**PROBLEM:** Omit the pictures. Print each entry below exactly.

**EXTRACTED INFORMATION:**
▶

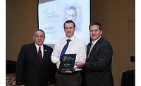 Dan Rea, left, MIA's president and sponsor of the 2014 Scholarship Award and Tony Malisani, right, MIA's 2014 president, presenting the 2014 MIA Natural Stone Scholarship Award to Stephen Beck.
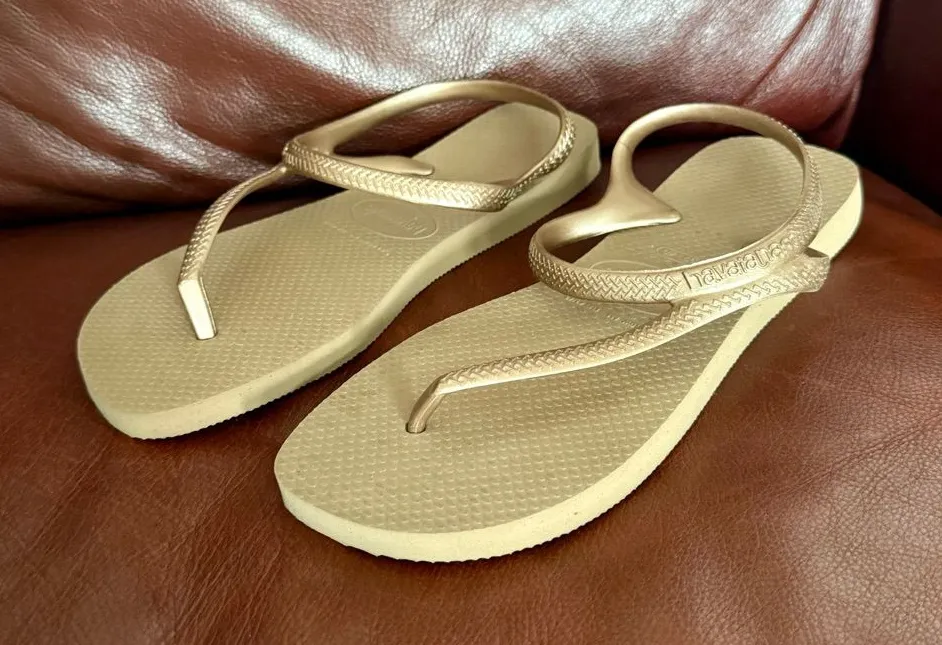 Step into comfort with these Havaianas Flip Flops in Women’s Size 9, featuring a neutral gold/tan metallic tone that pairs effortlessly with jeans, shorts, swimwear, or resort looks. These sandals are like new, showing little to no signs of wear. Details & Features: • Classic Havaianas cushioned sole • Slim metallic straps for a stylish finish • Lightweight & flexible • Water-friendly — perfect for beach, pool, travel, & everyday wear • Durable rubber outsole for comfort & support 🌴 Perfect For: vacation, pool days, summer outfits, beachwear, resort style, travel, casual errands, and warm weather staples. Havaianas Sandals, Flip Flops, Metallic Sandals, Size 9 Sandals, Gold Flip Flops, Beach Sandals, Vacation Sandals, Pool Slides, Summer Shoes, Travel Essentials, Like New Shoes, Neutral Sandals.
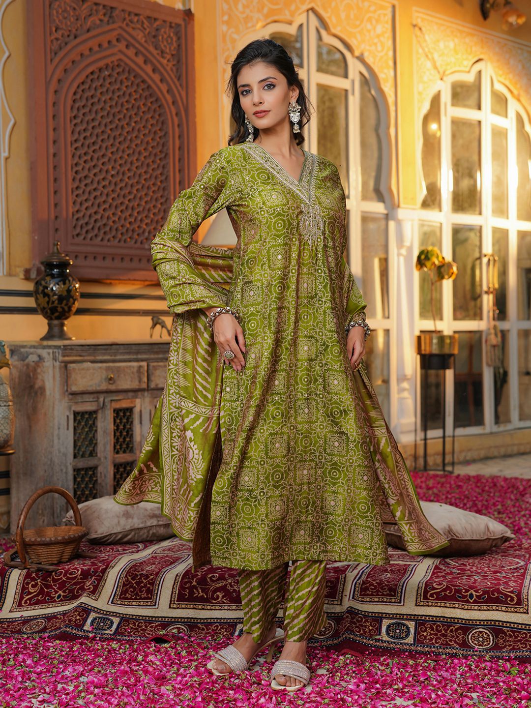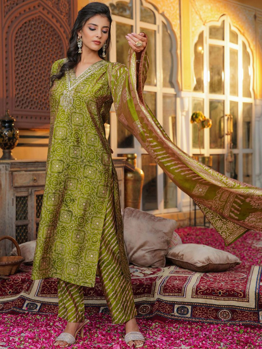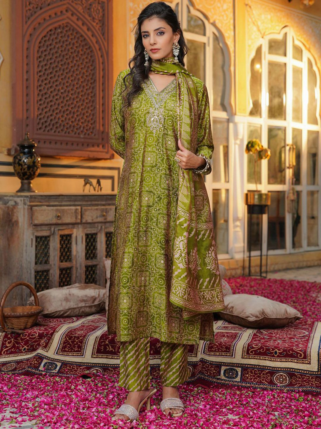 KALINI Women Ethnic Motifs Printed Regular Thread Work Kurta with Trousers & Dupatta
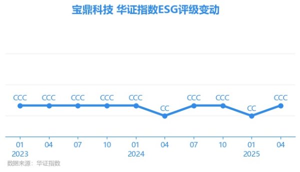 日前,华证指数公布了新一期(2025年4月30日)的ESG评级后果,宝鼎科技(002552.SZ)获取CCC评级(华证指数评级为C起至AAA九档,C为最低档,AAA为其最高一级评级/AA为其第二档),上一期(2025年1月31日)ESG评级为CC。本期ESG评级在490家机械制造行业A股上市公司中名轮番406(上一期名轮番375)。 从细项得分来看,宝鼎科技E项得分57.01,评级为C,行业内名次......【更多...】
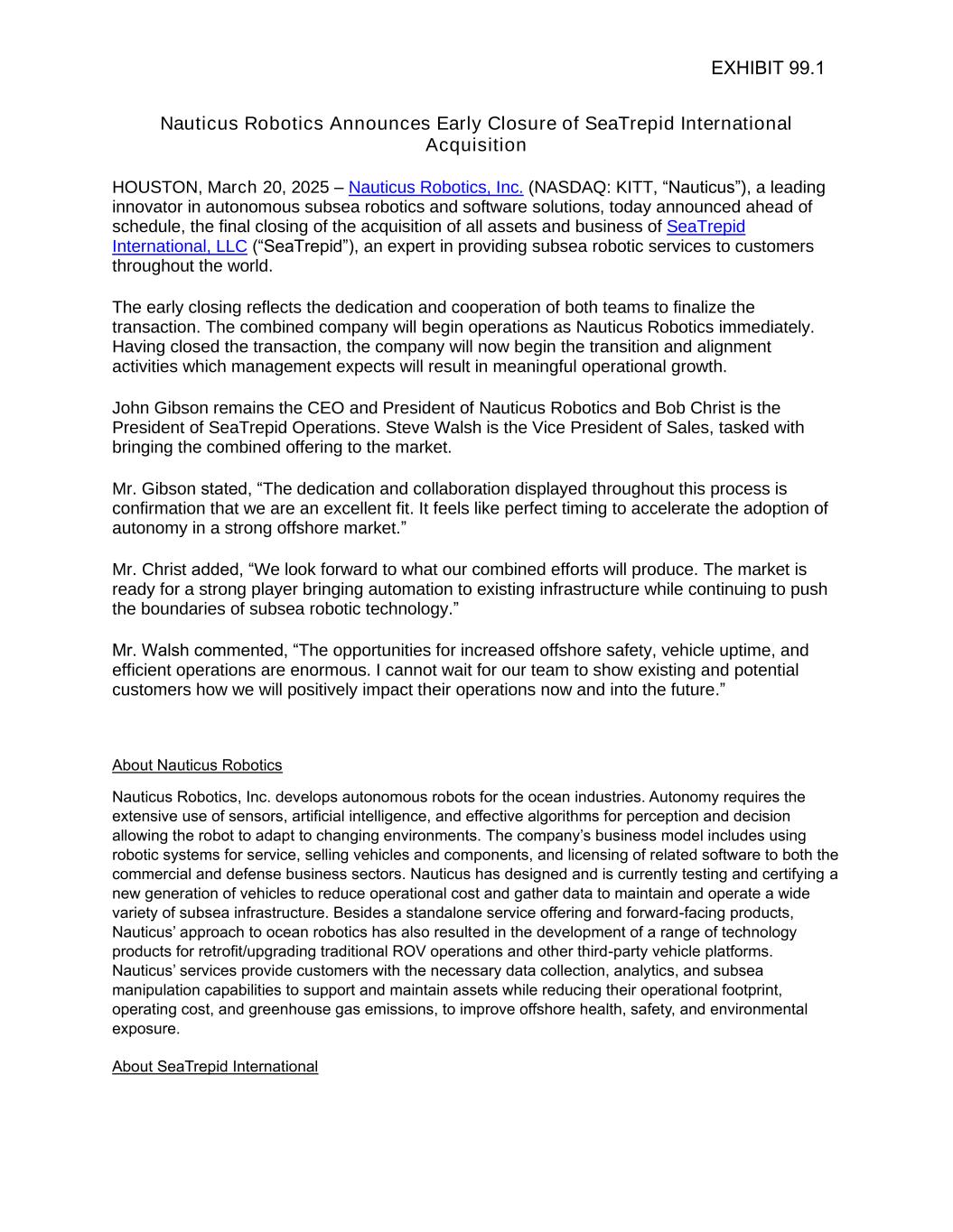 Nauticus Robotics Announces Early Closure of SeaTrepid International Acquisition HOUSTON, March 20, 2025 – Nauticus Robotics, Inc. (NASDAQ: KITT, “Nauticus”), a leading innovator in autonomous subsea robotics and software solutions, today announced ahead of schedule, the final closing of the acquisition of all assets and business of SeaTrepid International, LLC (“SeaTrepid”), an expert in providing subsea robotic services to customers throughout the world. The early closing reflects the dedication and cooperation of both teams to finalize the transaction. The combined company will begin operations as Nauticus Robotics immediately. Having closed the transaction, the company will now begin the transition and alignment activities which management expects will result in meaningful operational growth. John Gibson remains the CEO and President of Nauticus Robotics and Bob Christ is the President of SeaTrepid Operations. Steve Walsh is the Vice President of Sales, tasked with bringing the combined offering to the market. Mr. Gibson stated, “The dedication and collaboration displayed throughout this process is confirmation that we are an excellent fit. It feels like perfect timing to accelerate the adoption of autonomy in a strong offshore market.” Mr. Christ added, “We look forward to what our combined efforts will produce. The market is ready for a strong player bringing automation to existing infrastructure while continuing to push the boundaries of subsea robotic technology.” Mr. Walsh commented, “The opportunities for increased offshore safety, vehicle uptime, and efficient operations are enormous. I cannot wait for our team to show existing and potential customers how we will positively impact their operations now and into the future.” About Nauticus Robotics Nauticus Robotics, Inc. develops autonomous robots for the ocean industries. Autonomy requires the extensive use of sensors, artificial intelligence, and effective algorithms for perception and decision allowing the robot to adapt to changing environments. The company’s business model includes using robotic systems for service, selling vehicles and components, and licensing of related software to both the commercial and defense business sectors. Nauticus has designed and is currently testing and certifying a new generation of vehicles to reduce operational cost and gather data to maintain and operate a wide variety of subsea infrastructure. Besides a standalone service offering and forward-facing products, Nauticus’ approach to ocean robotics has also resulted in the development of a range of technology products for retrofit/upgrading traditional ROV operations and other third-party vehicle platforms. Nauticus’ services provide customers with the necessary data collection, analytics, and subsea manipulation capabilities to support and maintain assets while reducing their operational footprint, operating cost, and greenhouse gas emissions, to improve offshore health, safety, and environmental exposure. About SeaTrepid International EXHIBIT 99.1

◀

**SOLUTION BELOW:**
 Dan Rea, left, MIA's president and sponsor of the 2014 Scholarship Award and Tony Malisani, right, MIA's 2014 president, presenting the 2014 MIA Natural Stone Scholarship Award to Stephen Beck.
 Step into comfort with these Havaianas Flip Flops in Women’s Size 9, featuring a neutral gold/tan metallic tone that pairs effortlessly with jeans, shorts, swimwear, or resort looks. These sandals are like new, showing little to no signs of wear. Details & Features: • Classic Havaianas cushioned sole • Slim metallic straps for a stylish finish • Lightweight & flexible • Water-friendly — perfect for beach, pool, travel, & everyday wear • Durable rubber outsole for comfort & support 🌴 Perfect For: vacation, pool days, summer outfits, beachwear, resort style, travel, casual errands, and warm weather staples. Havaianas Sandals, Flip Flops, Metallic Sandals, Size 9 Sandals, Gold Flip Flops, Beach Sandals, Vacation Sandals, Pool Slides, Summer Shoes, Travel Essentials, Like New Shoes, Neutral Sandals.
 KALINI Women Ethnic Motifs Printed Regular Thread Work Kurta with Trousers & Dupatta
 日前,华证指数公布了新一期(2025年4月30日)的ESG评级后果,宝鼎科技(002552.SZ)获取CCC评级(华证指数评级为C起至AAA九档,C为最低档,AAA为其最高一级评级/AA为其第二档),上一期(2025年1月31日)ESG评级为CC。本期ESG评级在490家机械制造行业A股上市公司中名轮番406(上一期名轮番375)。 从细项得分来看,宝鼎科技E项得分57.01,评级为C,行业内名次......【更多...】
 Nauticus Robotics Announces Early Closure of SeaTrepid International Acquisition HOUSTON, March 20, 2025 – Nauticus Robotics, Inc. (NASDAQ: KITT, “Nauticus”), a leading innovator in autonomous subsea robotics and software solutions, today announced ahead of schedule, the final closing of the acquisition of all assets and business of SeaTrepid International, LLC (“SeaTrepid”), an expert in providing subsea robotic services to customers throughout the world. The early closing reflects the dedication and cooperation of both teams to finalize the transaction. The combined company will begin operations as Nauticus Robotics immediately. Having closed the transaction, the company will now begin the transition and alignment activities which management expects will result in meaningful operational growth. John Gibson remains the CEO and President of Nauticus Robotics and Bob Christ is the President of SeaTrepid Operations. Steve Walsh is the Vice President of Sales, tasked with bringing the combined offering to the market. Mr. Gibson stated, “The dedication and collaboration displayed throughout this process is confirmation that we are an excellent fit. It feels like perfect timing to accelerate the adoption of autonomy in a strong offshore market.” Mr. Christ added, “We look forward to what our combined efforts will produce. The market is ready for a strong player bringing automation to existing infrastructure while continuing to push the boundaries of subsea robotic technology.” Mr. Walsh commented, “The opportunities for increased offshore safety, vehicle uptime, and efficient operations are enormous. I cannot wait for our team to show existing and potential customers how we will positively impact their operations now and into the future.” About Nauticus Robotics Nauticus Robotics, Inc. develops autonomous robots for the ocean industries. Autonomy requires the extensive use of sensors, artificial intelligence, and effective algorithms for perception and decision allowing the robot to adapt to changing environments. The company’s business model includes using robotic systems for service, selling vehicles and components, and licensing of related software to both the commercial and defense business sectors. Nauticus has designed and is currently testing and certifying a new generation of vehicles to reduce operational cost and gather data to maintain and operate a wide variety of subsea infrastructure. Besides a standalone service offering and forward-facing products, Nauticus’ approach to ocean robotics has also resulted in the development of a range of technology products for retrofit/upgrading traditional ROV operations and other third-party vehicle platforms. Nauticus’ services provide customers with the necessary data collection, analytics, and subsea manipulation capabilities to support and maintain assets while reducing their operational footprint, operating cost, and greenhouse gas emissions, to improve offshore health, safety, and environmental exposure. About SeaTrepid International EXHIBIT 99.1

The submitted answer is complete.